I have seen a discussion in a different thread but it was closed. Today I came across a requirement for our usecase where we want to aggregate our data, but we do not have end events. So I googled a bit and found this and thought the timeout usecase would be ideal for me. I cloned your repo and implemented the following:

Add "timeout_code"
This field is the same as code, but it is code that will be executed for the timeout action. I am not sure if this is necessary or if I can simply reuse the code property.
Add "timeout_id" which is nothing but a string mapping towards the task_id. It defines how this will be mapped in the final event.
Add event generation for expired events.
Whenever flush is called, I now generate a new event per key in the aggregated_map. The key is added by default, as is the creation timestamp. They key is mapped to "timeout_id".
If no timeout_code is defined, nothing is happening (i am hoping this ensures backwards compatibility)
Changing the expiry:
Instead of comparing the timestamp of the creation, i now update a "last_modified" property each time there is a new event that is aggregated. This way I can aggregate over a longer period of time without having to restart the aggregation because timeout from the start event was found.

I added test cases for the changes that I have made.

You can find my changeset here: pandaadb@ba57fac

I would be happy to create a pull request if you guys think that this is a useful feature.

I am coming from a java background and am not too experienced with ruby coding, so if there are serious issues with my code, please give me a chance to correct them :)
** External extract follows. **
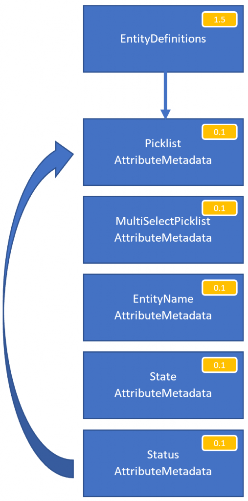 As metadata doesn’t change often, it make sense to cache it for future requests. As the name implies, RetrieveMetadataChanges will give you the changes to the metadata since the last time you asked for it. Each request gives you not only the metadata you’ve asked for but also the current version number. If you supply that version number to the next request it will give you only the changed metadata since that version.

Let me know what you think,

thanks,

Artur

The text was updated successfully, but these errors were encountered:

fbaligand · 2016-07-10T07:40:22Z

Hi @pandaadb

I have just released version 2.2.0, with a new feature : push_previous_map_as_event
I know this is not exactly what you describe in this issue.
But you might find it interesting.

You can find a good example here :
https://github.com/logstash-plugins/logstash-filter-aggregate#example-3

fbaligand · 2016-07-14T14:58:01Z

Hi @pandaadb,

Several people have the same need than you.
So I think it is time to make your issue as the next aggregate plugin enhancement !
I'm ready to help you actively in this enhancement (design orientation, code review, ...).

Firstly, are you still interested by implementing this enhancement ?

pandaadb · 2016-07-14T15:10:52Z

Hi @fbaligand

Sorry - i missed the update the last time. I am definitely still interested in that. I have since continued working on the plugin and am using it in production (so it does seem to work).

My branch/fork is here: https://github.com/pandaadb/logstash-filter-aggregate

I have added a few extra options (which I am not sure are all needed) including:

Track timeout time based on a defined timstamp field rather than the time of the platform (this is important when re-parsing old data since otherwise all data will be read within timeout and aggregated wrongly)
Track times based on an external key. This is important when e.g. using file input. Since the input can deliver different files at different times, the timestamp needs to be key specific (so that a later file does not timeout an earlier file)
flush_on_all_events - important because reparsing old data is too fast to time out events (e.g. if it happens every flush call, then you have a 5 second gap where events might advance the timeout even though it shouldn't)

I'm happy to discuss what could be useful/merged if not all. I learned a bit more about ruby since starting on that so I am hoping I didn't produce too much of a mess :)

fbaligand · 2016-07-14T16:35:11Z

Wow, that's a lot of options :)
I will study all these options. I'm not sure all these new options are useful.
But I like all initial options you suggest.

Concerning timeout_id, if I understand well, it is the field name that is added to "timeout" generated event, that's it ? Given your explanation, I'm not sure what you put inside ? Is it task_id ? Is it task creation time ?

Anyway, could you rebase your branch, so that all your commits are "after" last master commit ?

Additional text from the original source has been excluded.